These torn three dimensional paper drawings interested me. The enclosed spaces of the paper. Hanging them on the wall or in mid air gives the torn paper more value in western culture.

Sam Austen’s ‘Run For The Present’, 2017, Film Still

How do you make a film that holds the audiences attention? Here Austen’s film is placed at head height. The audience has to do nothing but stand still to be right in front of the screen. Does this catch a person’s attention or do they just make a quick glance with the slightest of head movements as they walk by? I think the viewer has to be asked to do more. It’s too easy. This is also a reason I think Pipilotti Rist’s work when the viewer sits on comfortable bean bags or lays on a bed is too cute and cuddly and easy for the viewer to drift off into a world of their own and not interact with the films around them. Her films are beautiful but not as beautiful as being in nature itself. Why not seat outside on a park bench and day dream rather than in a gallery.
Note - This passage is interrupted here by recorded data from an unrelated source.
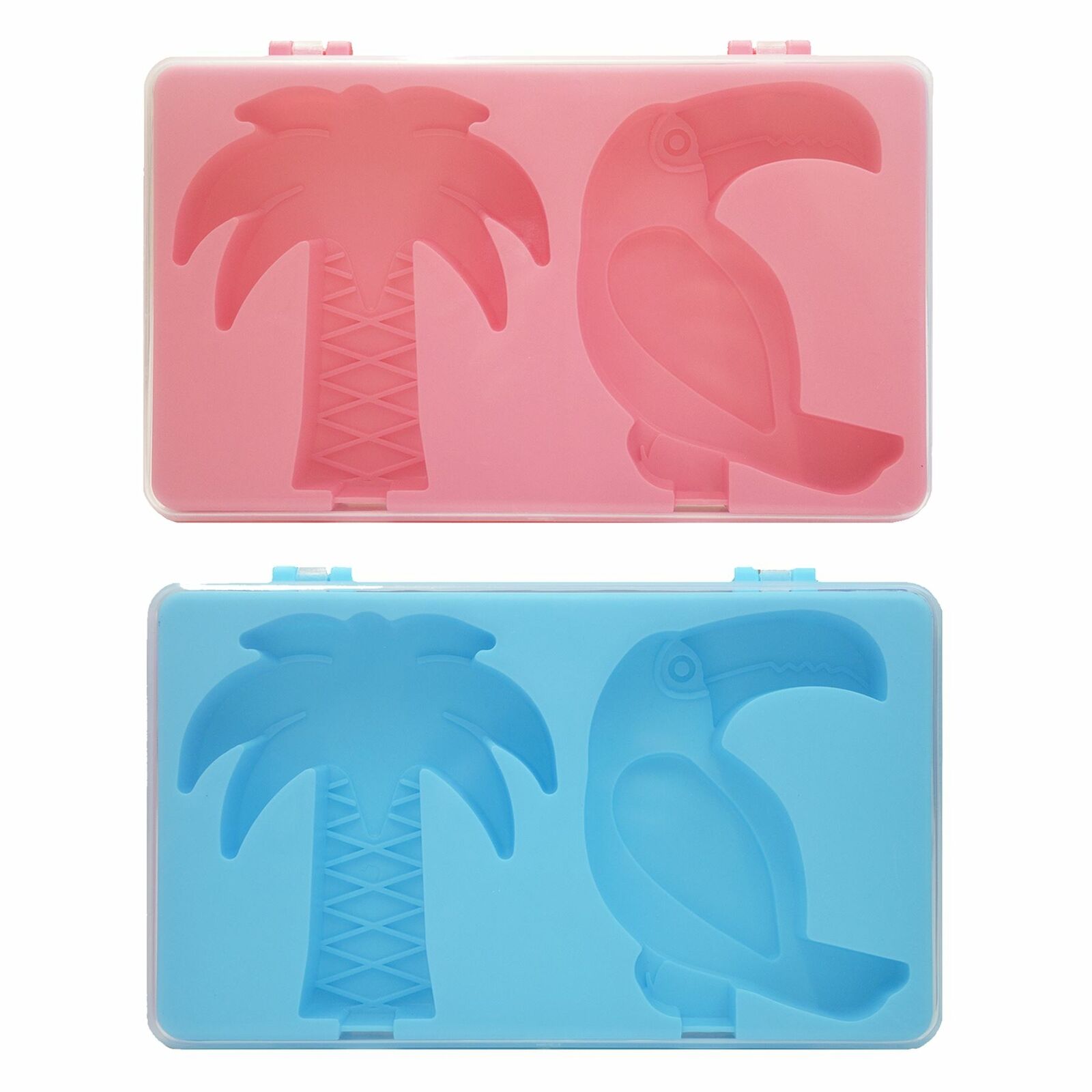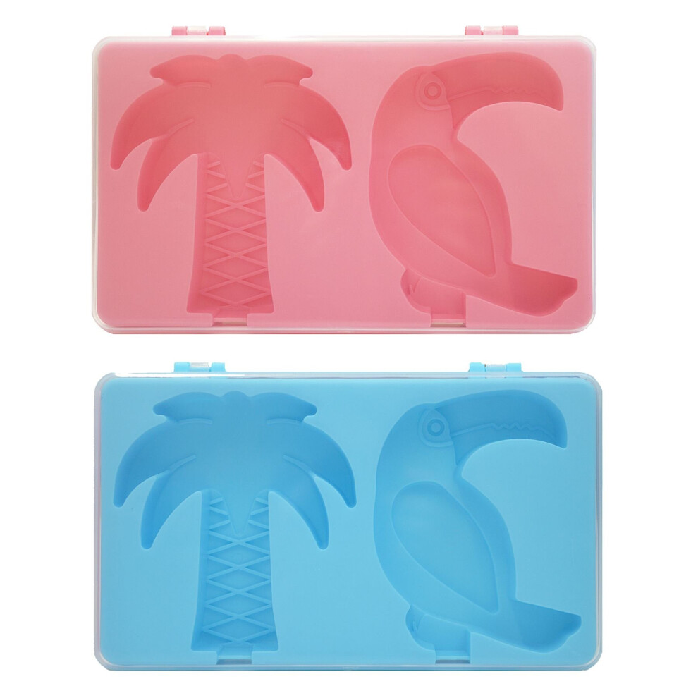 2 x Ice Lolly Maker Set Reusable Sticks Lid Palm Tree Toucan Mould Pink Blue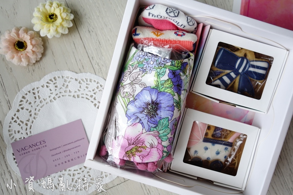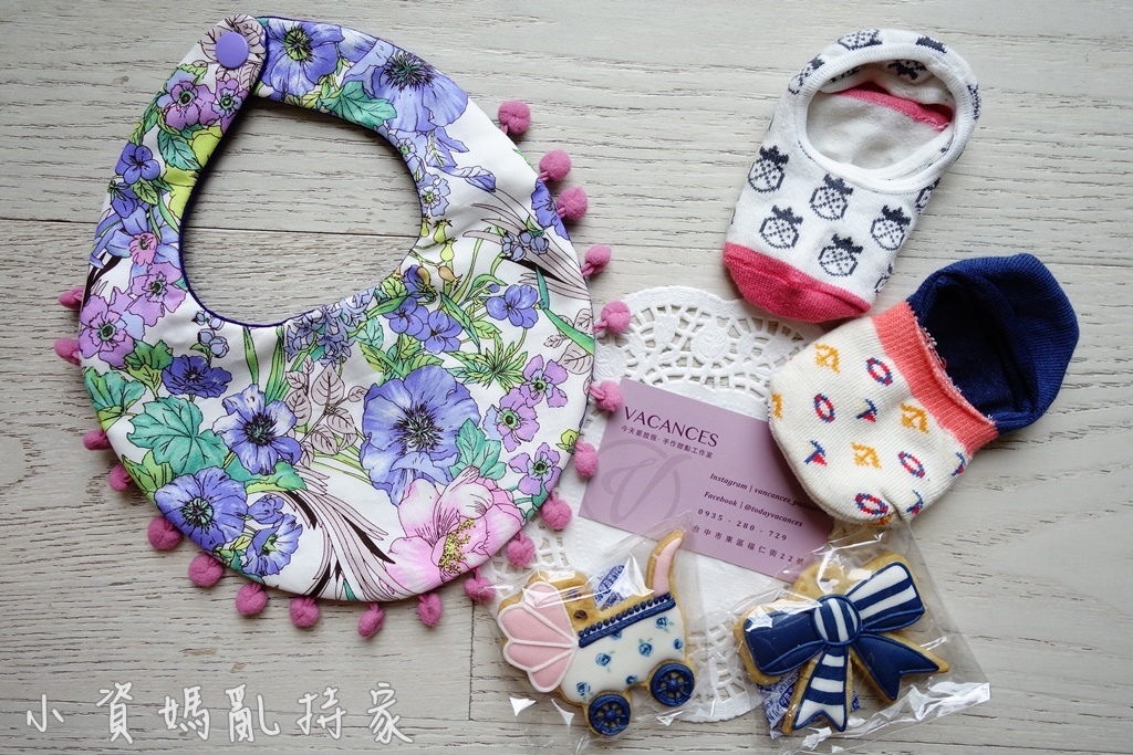 內容物有聯名款圍兜,兩雙底部有止滑的寶寶襪,以及兩塊糖霜餅乾,是漂亮又實用的禮物喔!
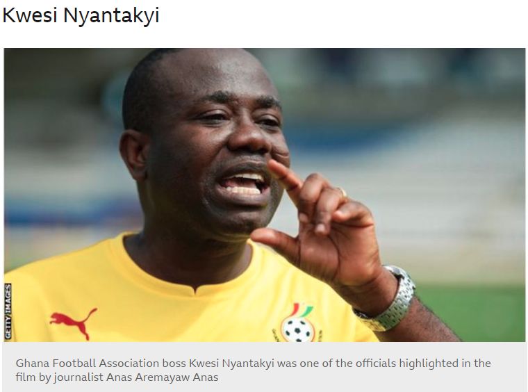 在BBC公布的另一段视频里,记者假扮的商人与加纳足协主席恩扬塔基(Kwesi Nyantakyi)在中东一家豪华酒店中会面,恩扬塔基把65000美元“购物经费”放到塑料袋中。

The 2 dimensionality of the films makes them too unreal.

The one moment I found truly interesting at the fair was when a gallery assistant was looking through a folio of Rebecca Slater’s drawings on paper and was deciding which one to put on the wall next. I would have liked to be the person holding those drawings rather than the one only looking at then on the wall. Too feel the tactile quality of the paper.